A friend did call me up a few months back and said that he had heard from another friend a year earlier that we were going through a divorce.  Uh… So two people (fellow ORU students, followers of Christ and decent friends) had heard about the divorce and yet neither of them did what we’re called as Christians to do: reach out and be ministers of reconciliation.

I did call him back later and called him out on this – I respected him and this was disappointing.  He did apologize and we left on good terms but I’ll see if I ever hear from him again.

Frankly, I’d be okay if my group of “friends” shrank to the ones who would give a damn.  “Better is open rebuke than secret love.”  The friend who gave me a lot of harsh advice, was at least there for me even after we had a series of dust ups.  I’d rather have people like him in my life than a thousand inoffensive, inconsequential, and uninvolved people.
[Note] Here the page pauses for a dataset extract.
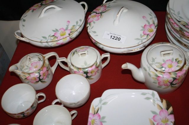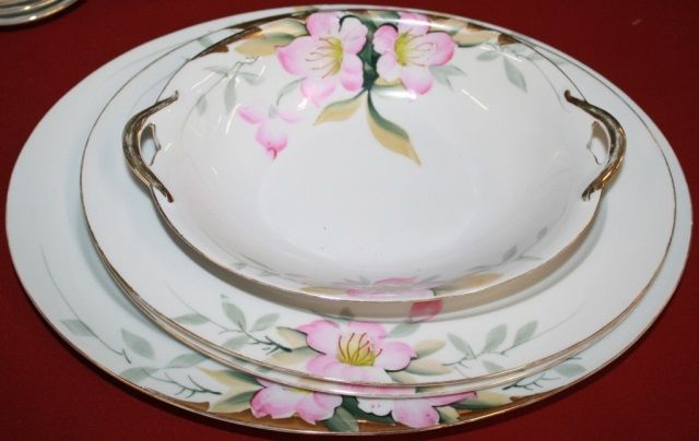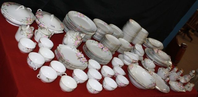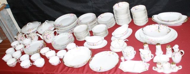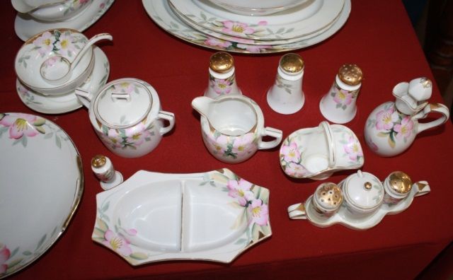 Dinner Plates=11, Luncheon Plates=6,Dessert Plates=12,Cups =16, Teapot with Sugar/Creamer,Saucers =23, Soup Bowls =18, Sauce Bowls=18,Large Platter, 2 Smaller Platters,2 Gravy Boats, 2 Covered Rd Serving

When Joe and Sue separated, I said nothing because Joe is too religious and intense.

When Rochelle and Tim got divorced, I ignored it because I never really liked her anyway.

When Dwayne and Lisa hit the rocks, I didn’t know what to say so I said nothing.

When the shit hit the fan in my marriage, there was no one left to give a crap.

  • With apologies to Martin Niemoller

Maybe that’s a little too honest.  But here’s the thing.  I have been disappointed, felt judged and abandoned by people I thought were my friends … BUT God has been faithful.  There have been those who God has used to keep me alive and helped me to survive this past year.  My faith and relationship with Christ Jesus is stronger than ever.  I don’t write this to make people feel bad or guilty or even to get people to apologize.  The truth is that I wasn’t the first of your friends to go through a divorce, nor will I be the last.  Others may lose their marriages and more importantly their faith.  I’m hoping that this entry can be seen as an opportunity.

My challenge to Christians reading this is to step up next time.  Next time you hear of someone going through a rocky time in their marriage.  Send them a text.  Ask them out for a coffee.  Give them a call. When someone is going through a divorce, see if they need someone to talk to.  When you hear a ton of crap about someone, either get the other side or refuse to pass judgment and pray for them instead (and after praying reach out – you know the whole faith without works thing).  Being ministers of reconciliation is hard, but it sure beats the alternative.